Make an exact copy, from the records below, of the lines from the line containing "Ce pyjama, manches" to the line containing "Paleta boja takođe", both lines included, excluding pictures.

Given records:
- - -
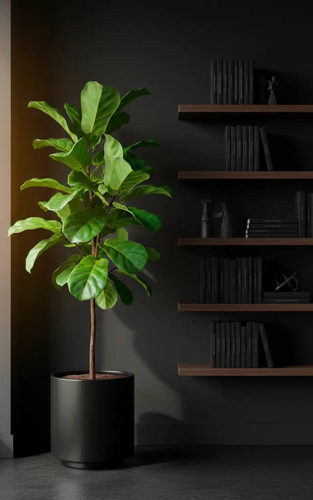 You do not want your house to look like a literal void, right? Bringing in organic elements like deep walnut wood or oversized tropical plants breathes life into the space. I love how a giant Fiddle Leaf Fig looks against a charcoal wall—the green practically glows! It keeps the home feeling like a home and not a museum.
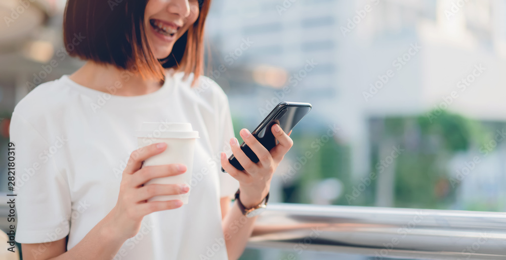 Woman using smartphone, During leisure time. The concept of using the phone is essential in everyday life.
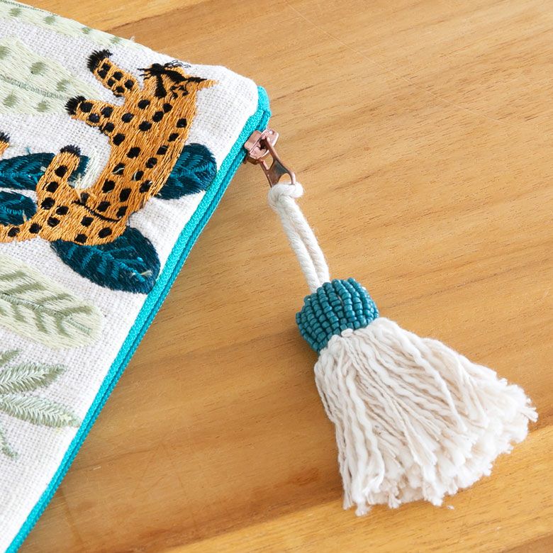 持ち手の大ぶりのタッセルにはビーズも付いていて可愛さUP☆
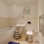 White suite comprising low level WC with concealed flush, wash basin and panel bath. Smooth ceiling with inset down lights, heated chrome effect towel rail (Not tested) extractor fan, part tiled to two walls.
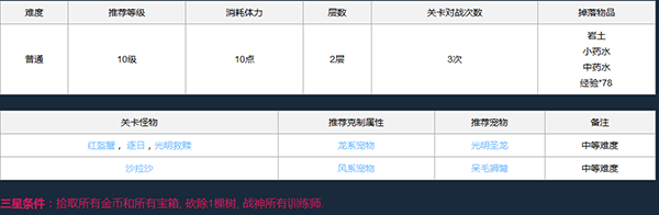 三星条件:拾取所有金币 拾取所有宝箱 战胜所有训练师
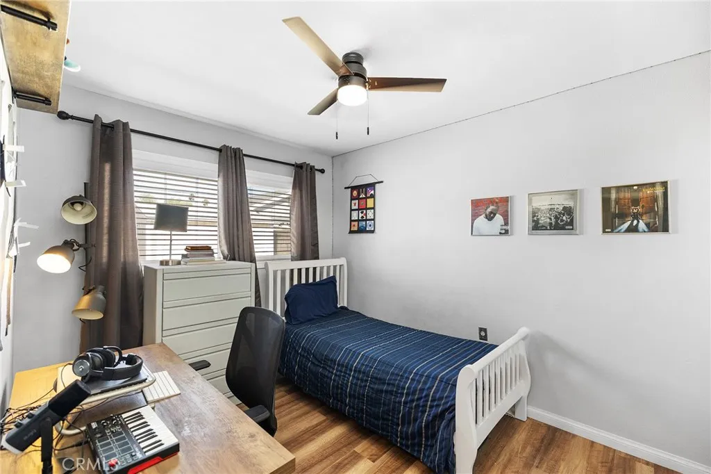 Welcome to this fabulous single-story home offering 3 bedrooms and 1 bath. Inside, the home features beautiful laminate flooring throughout, with tile flooring in the kitchen and dining area for style and durability. The delightful kitchen comes with granite countertops and lots of cabinet space. The living room is enhanced with plantation shutters for a touch of elegance. The remodeled bathroom adds modern comfort, while the homes overall charm makes it move-in ready, with plenty of potential to customize further. Large back yard comes with a covered patio and a firepit, perfect for entertaining. This home is situated on an expansive lot, which provides endless possibilitieswhether you envision adding a pool, expanding with a room addition, or creating an ADU for extra income, or multigenerational living. Nestled on a picturesque street lined with mature trees, this property offers a serene neighborhood feel while still being close to local conveniences. A wonderful opportunity for a first-time buyer, investor, or anyone looking for a home with future growth potential! This home is conveniently located and close to schools, shopping and the 91 freeway. Home also comes with a very low tax rate.
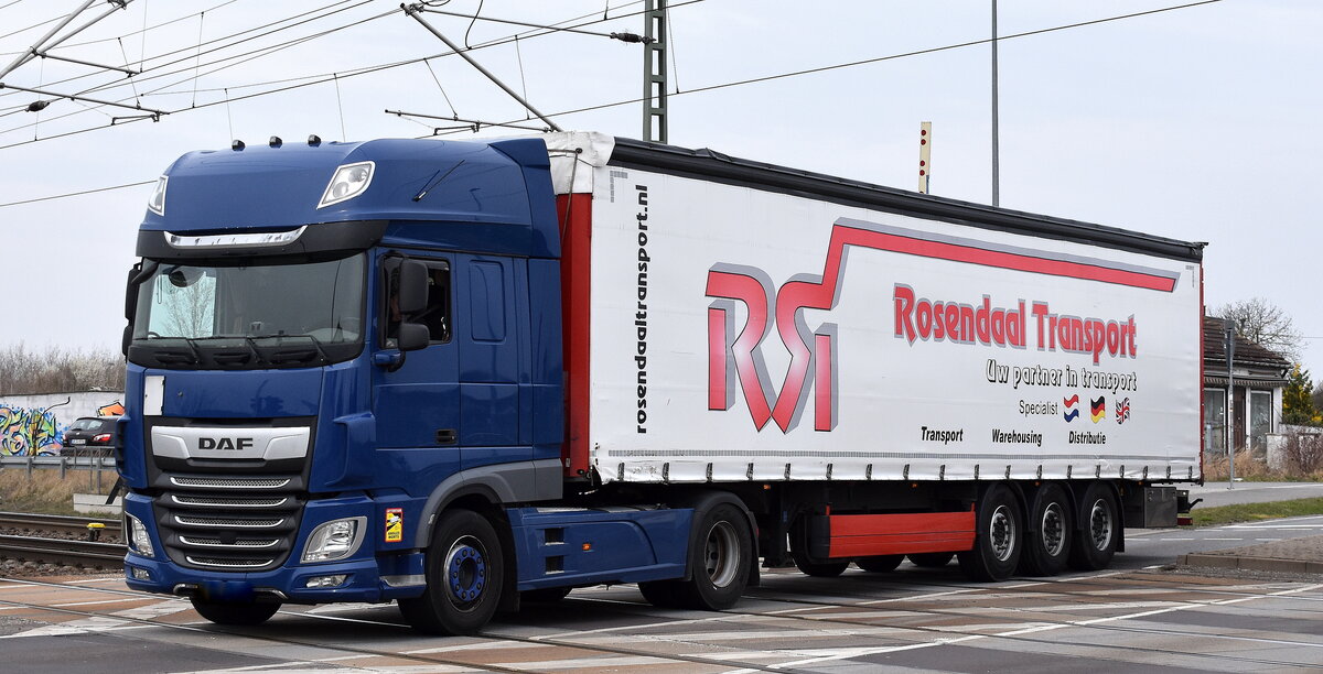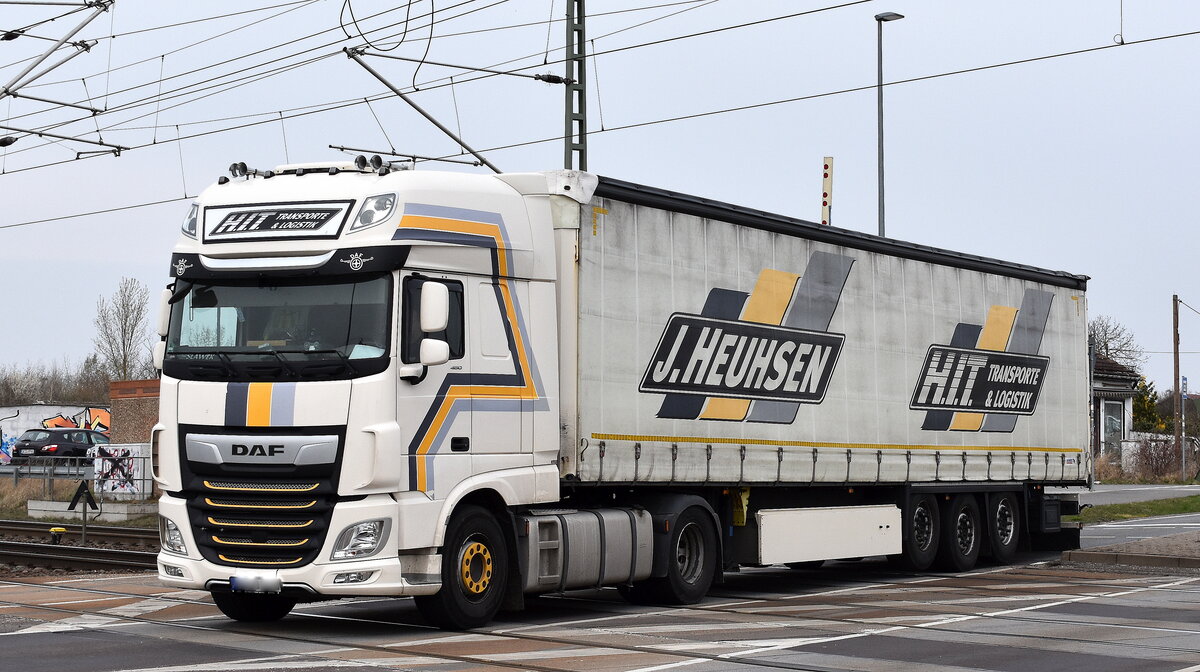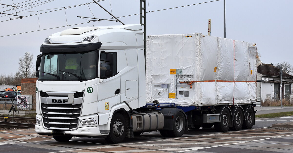 Eine DAF XF Schwerlastzugmaschine mit Tiefladebrückenauflieger der Fa. BTB Logistik GmbH als Begleitfahrzeug eines LIEBHERR Fahrzeugkrans der Fa. BTB, 12.11.12 Berlin-Pankow.
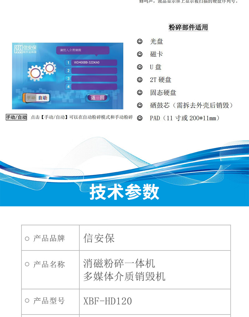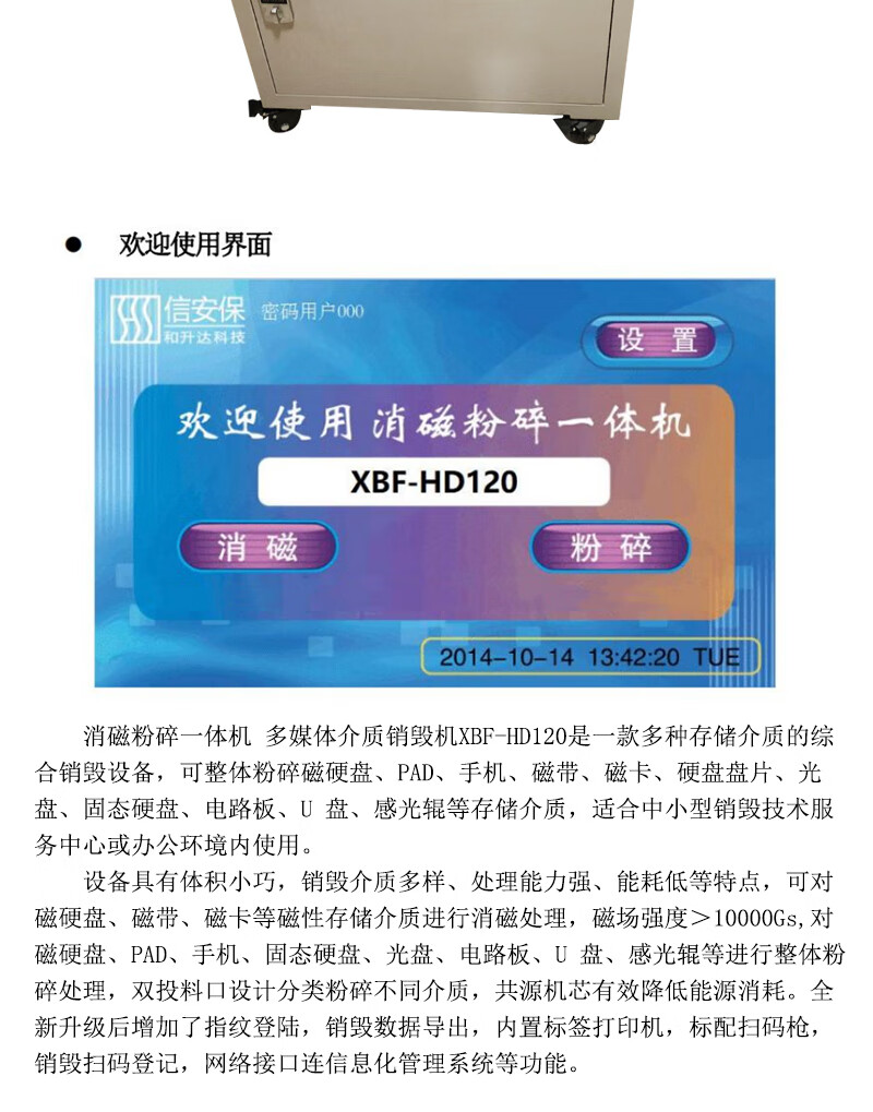 信安保XBF-HD120多媒体介质销毁机 硬盘粉碎机 消磁粉碎一体机
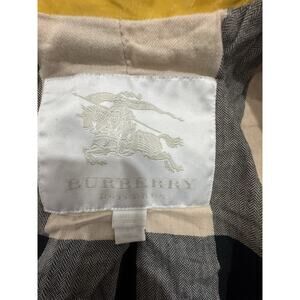 Make a statement with this trendy Burberry jacket! The vibrant mustard yellow color and chic design will turn heads wherever you go. Inside reveals a classic Nova Check lining, adding a touch of iconic Burberry style. Perfect for birthday parties or casual outings, this jacket will keep your little one looking fashionable.
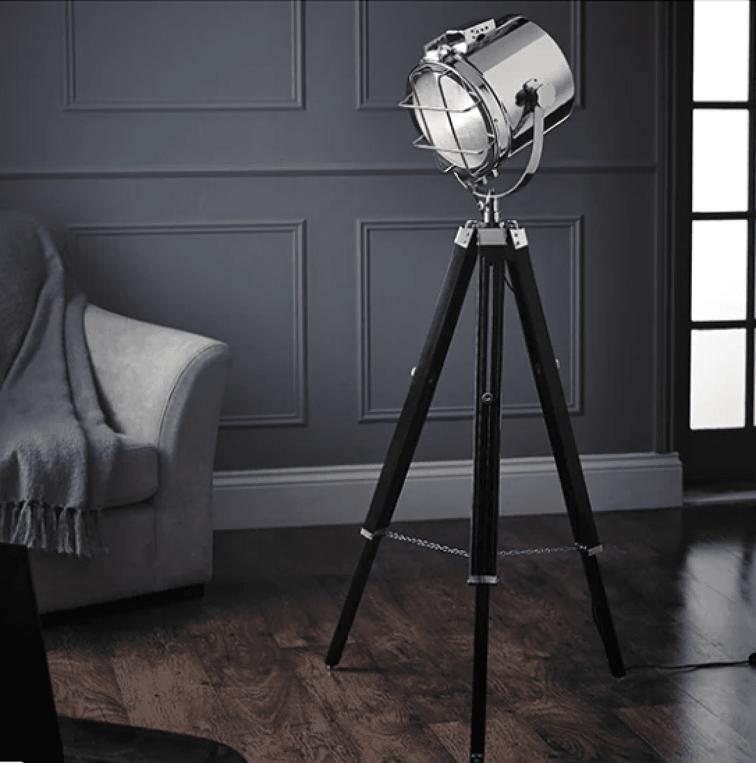 Bring timeless coastal charm to your space with the Nautical Floor Lamp by Elegant Lighting UK – featuring a polished nickel finish and sturdy black wooden tripod legs.
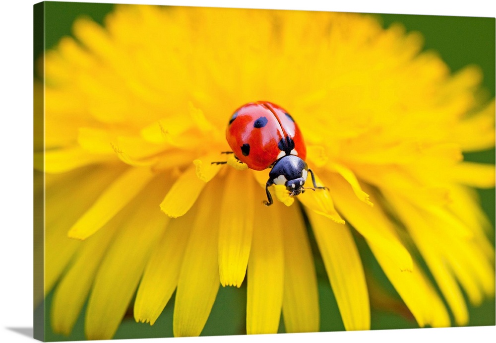 <p>Close-up of a ladybug crawling on a petal of a yellow blossom, Oregon, united states of America.</p>
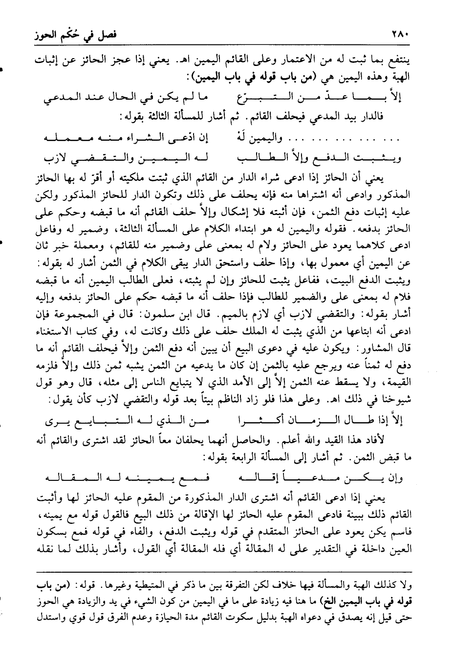 وعلى هذا فلو زاد الناظم بيتا بعد قوله والتقضي لازب كأن يقول إلا إذا طال الزمان أكثرا من الذي له التبايع يرى لأفاد هذا القيد والله أعلم والحاصل أنهما يحلفان معا الحائز لقد اشترى والقائم أنه ما قبض الثمن ثم أشار إلى المسألة الرابعة بقوله وإن يكن مدعيا إقاله فمع يمينه له المقاله يعني إذا ادعى القائم أنه اشترى الدار المذكورة من المقوم عليه الحائز لها وأثبت القائم ذلك ببينة فادعى المقوم عليه الحائز لها الإقالة من ذلك البيع فالقول قوله مع يمينه فاسم يكن يعود على الحائز المتقدم في قوله ويثبت الدفع والفاء في قوله فمع بسكون العين داخلة في التقدير على له المقاله أي فله المقالة أي القول وأشار بذلك لما نقله
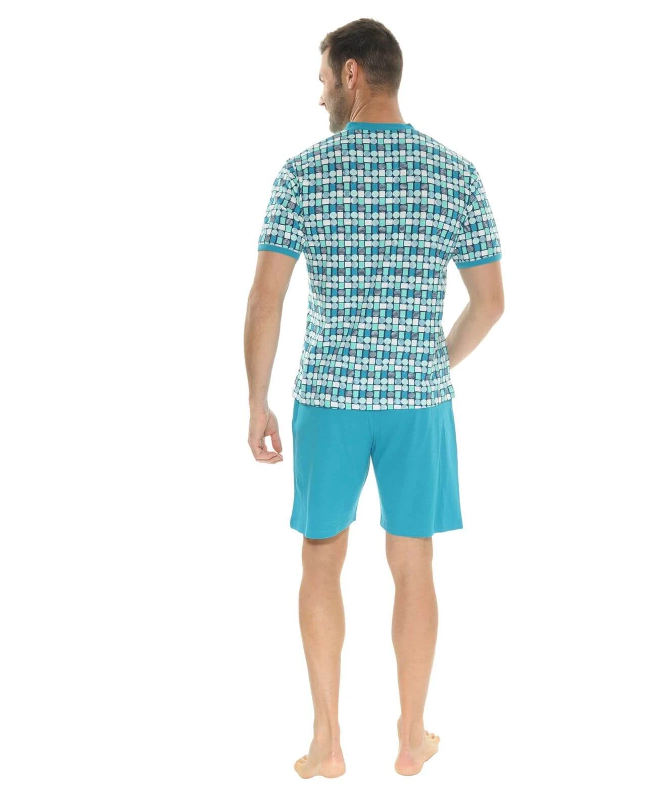Ce pyjama, manches courtes, col V dans un ton de vert et bleu turquoise vous accompagnera dans tous vos moments de détente.
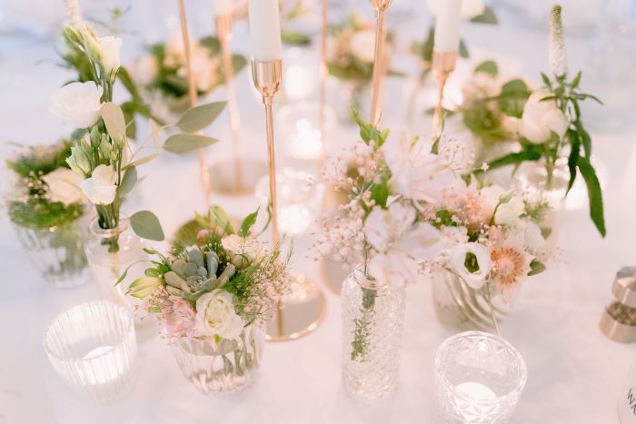 Paleta boja takođe igra važnu ulogu u stvaranju elegantne atmosfere. Neutralne boje kao što su bela, krem, šampanjac ili siva često se koriste kako bi se postigla sofisticirana estetika. Kada se ove boje uklope sa odabranom profesionalnom dekoracijom i detaljim kao što su: cvetni aranžmani, stolnjaci, stolice ili dekorativni elementi, postiže se fantastičan estetski efekat.
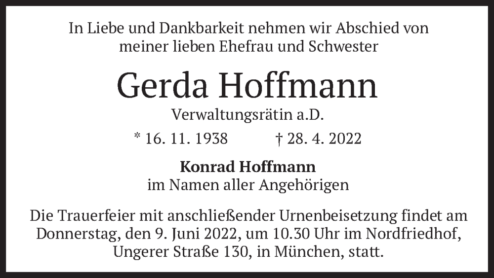 Hier finden Sie alle Traueranzeigen aus der Zeitung, die bisher für Gerda Hoffmann erschienen sind. Weitere Traueranzeigen, die in der Zeitung erscheinen, werden hier ebenfalls aufgelistet
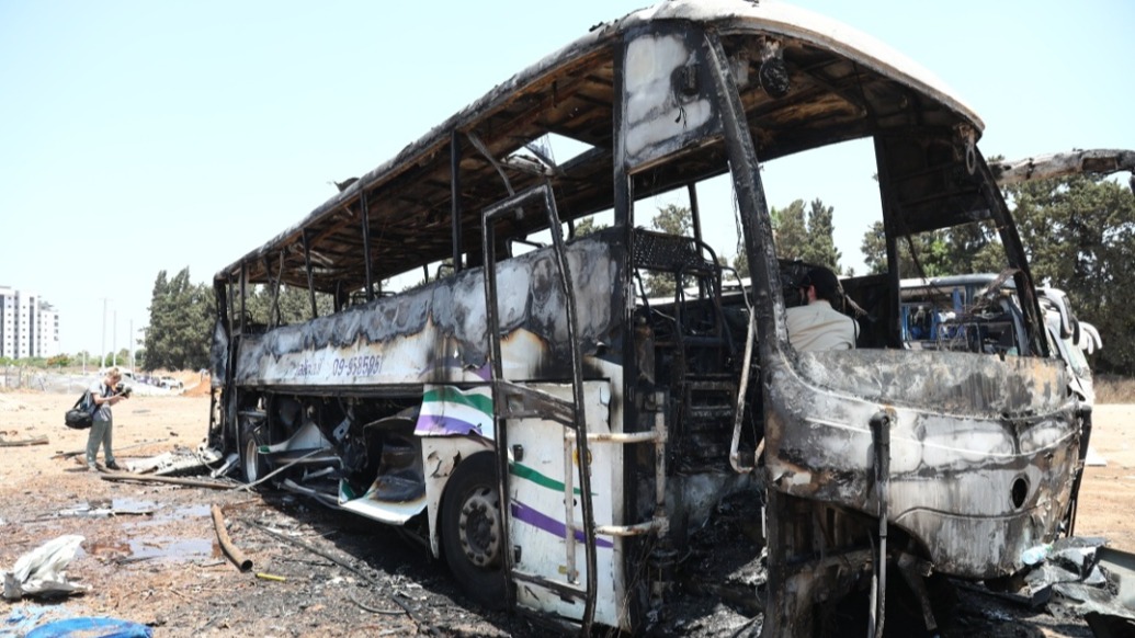 6月17日,在以色列中部城市海尔兹利亚,一辆巴士在导弹袭击中损毁。新华社 图
- - -
Output of the exercise:
Ce pyjama, manches courtes, col V dans un ton de vert et bleu turquoise vous accompagnera dans tous vos moments de détente.
 Paleta boja takođe igra važnu ulogu u stvaranju elegantne atmosfere. Neutralne boje kao što su bela, krem, šampanjac ili siva često se koriste kako bi se postigla sofisticirana estetika. Kada se ove boje uklope sa odabranom profesionalnom dekoracijom i detaljim kao što su: cvetni aranžmani, stolnjaci, stolice ili dekorativni elementi, postiže se fantastičan estetski efekat.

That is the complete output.